Sadly, I believe there will need to be many more political prisoners before we demand change, many more people who will die because of catastrophic climate events. But like any revolutionary time, change is coming, whether we or the powers that be, like it or not.
In their own words, below is a letter from a leading Czech climate activist to their prison guards in the UK:
To the Governor of HMP Birmingham
Dear Madam/Sir,
I am writing to you as one of the prisoners under your care and as one whose request to speak to you in a short conversation was—not surprisingly—denied by staff and the CM on wing P.

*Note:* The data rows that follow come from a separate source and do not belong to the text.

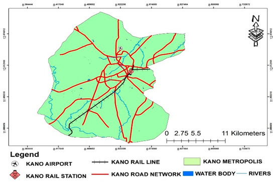 Kano city is an urban conurbation of eight (8) Local Government Areas (LGAs) (Dala, Fagge, Gwale, Kano Municipal, Nassarawa, Tarauni, Ungogo and Kumbotso), located between latitudes 11°25′ N to 12°47′ N and longitude 8°22′ E to 8°39′ E on 472 m above sea level in the Sahel desert. It is the commerce nerve center of the northern country due to its long flourishing marketing (and dominant economic) activities. Nevertheless, agriculture is a second means of employment on the savannah vegetation with Jakara and Challawa rivers being the main water bodies draining the city catchment area [34]. Figure 2 shows the location map of the city metropolitan study area and Figure 3 is the digitized map of major transport infrastructure.
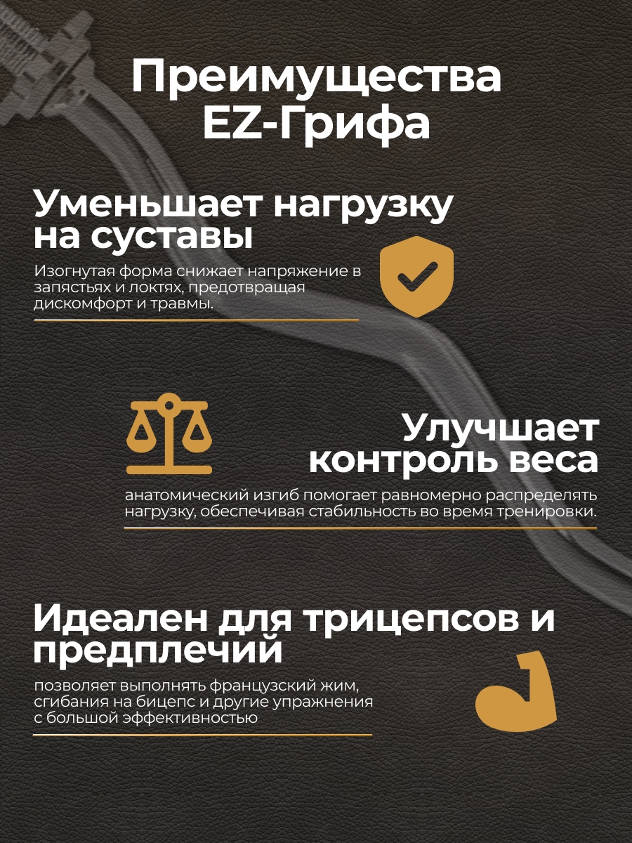 2) Гриф EZ-образный - удобен для таких упражнений как: подъем штанги на бицепс, французский жим лежа.
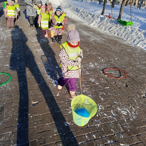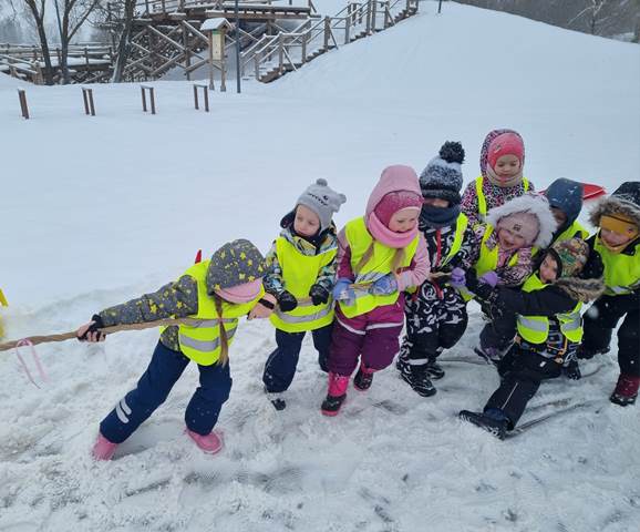 Kad ziema īpaši lutina ar bagātīgu sniega segu un jaukiem laika apstākļiem, “Rūķīša” audzēkņi ar prieku dodas ārā izmēģināt ziemas sporta aktivitātes. Mazākie audzēkņi sportoja iestādes teritorijā, pārvarot dažādus šķēršļus, metot sniega pikas mērķī, vizinot viens otru ar ragavām.
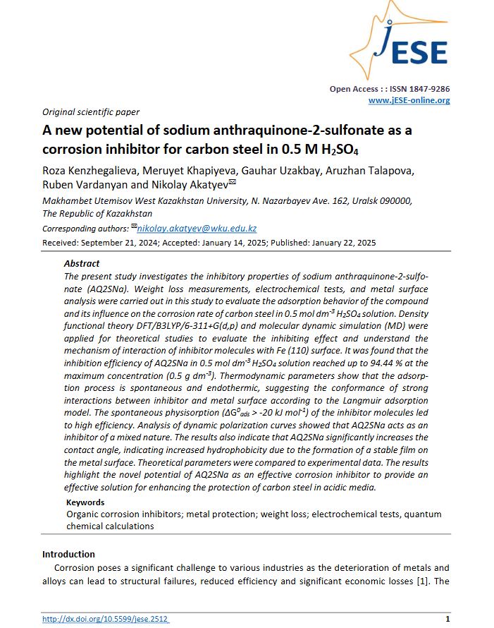 Ссылка на статью: Kenzhegalieva, R., Khapiyeva, M., Uzakbay, G., Talapova, A., Vardanyan, R., & Akatyev, N. (2025). A new potential of sodium anthraquinone-2-sulfonate as a corrosion inhibitor for carbon steel in 0.5 M H2SO4. Journal of Electrochemical Science and Engineering, 15(2). https://pub.iapchem.org/ojs/index.php/JESE/article/view/2512/2392
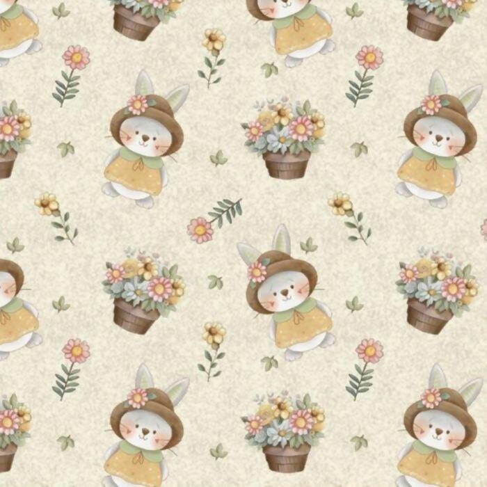 Descrição Tecido Tricoline Digital Coelhinhas e Flores
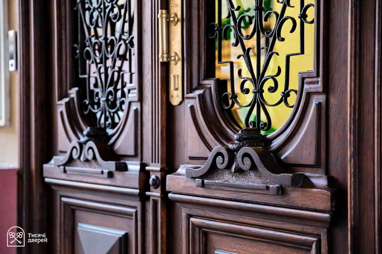 Майстри відновили весь вхідний вузол із глибоким дубовим порталом: оновили завіси, додали дотягувач та електро-ригельний замок, замінили скло, відтворили втрачені декоративні елементи, повернули латунні ручки та латунні накладки в нижній частині дверей. Тепер це знову цілісний простір із правильною глибиною та ритмом.
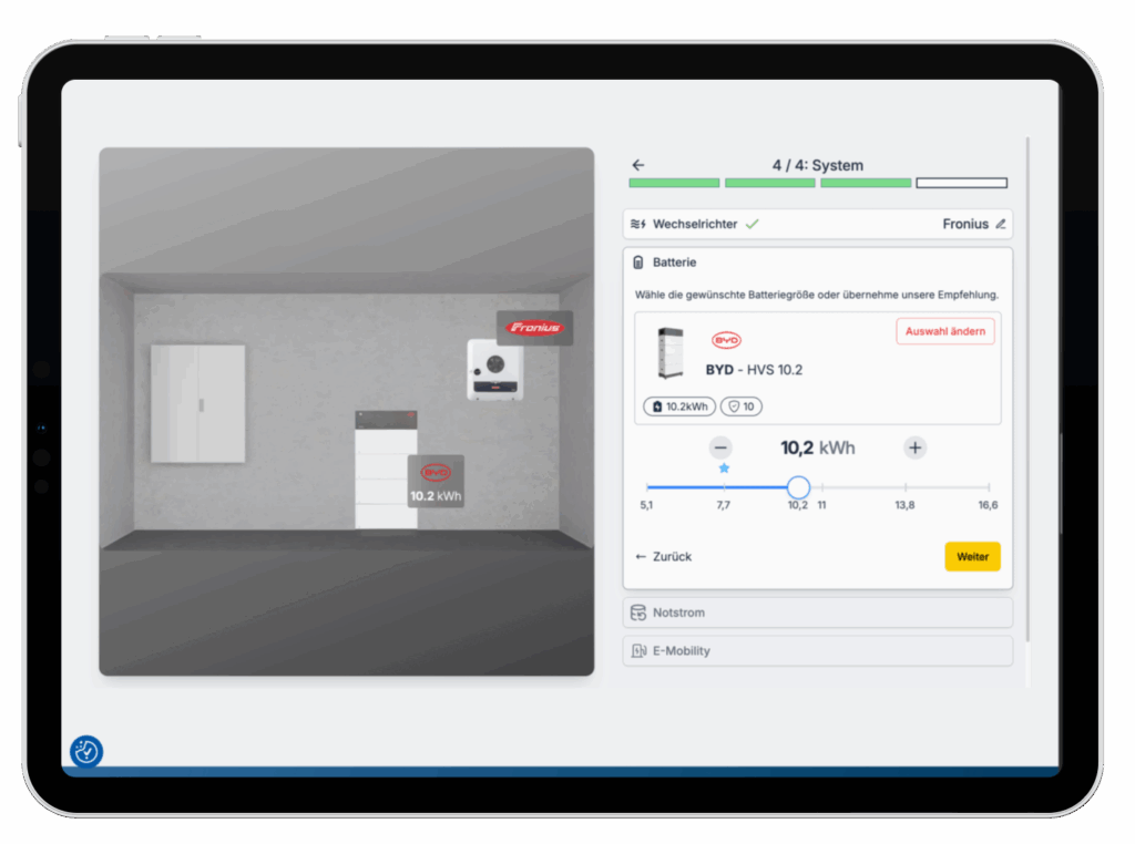 Sie gestalten jeden Aspekt des PV-Planers nach Ihren Wünschen: Intro-Screen, Farben, Logos, Produktauswahl und Kontaktformular. Alles in Ihrem Corporate Design, alles unter Ihrer Kontrolle.

Since last Thursday, September 15, 2022, there have been 51 ordinary citizens remanded to prison following their peaceful protest at Kingsbury Oil Depot breaking a High Court injunction dated/issued earlier this year. Nine of these 51 prisoners were put under your care in HMP Birmingham, We stand accused of the crime of caring, we are prisoners of conscience / political prisoners because we cannot help but see the larger picture and connections between an oil company legally going about its business and the consequences this has for millions across the globe. Our adversary is not the law per se that we—in this case—willingly and knowingly disrupt but the government and corporations that abuse the law to subdue the voice of our protest, voices of ordinary citizens for the voiceless in the Global South, against a multibillion pound profit-making machine causing indirectly but knowingly the suffering, destruction of livelihoods and deaths (even now already) of millions elsewhere on our planet (in Pakistan one-third of the country is under water with 1,200 deaths; there are famines in Somalia and Madagascar; heat waves and wild fires across the globe—all in 2022). This all is a worsening trend, not an outlier in the data, so we will see and pain through more of this in the years to come. Sir David King, the chief scientific advisor to the governments of Blair and Brown has said just yesterday that the current government’s plans are “completely at odds with net-zero, and it beggars belief. What it seems to show is that the leadership in the government does not understand the nature of the climate crisis.”
Dear Madam/Sir, I am communicating all this to you not because I believe that you have the power to turn the situation around (although you do have the choice at least to bring this to the attention of your superiors at the Home Office, or your family and friends) BUT because I want you to be aware that we were here, following our consciences, under your care at HMP Birmingham.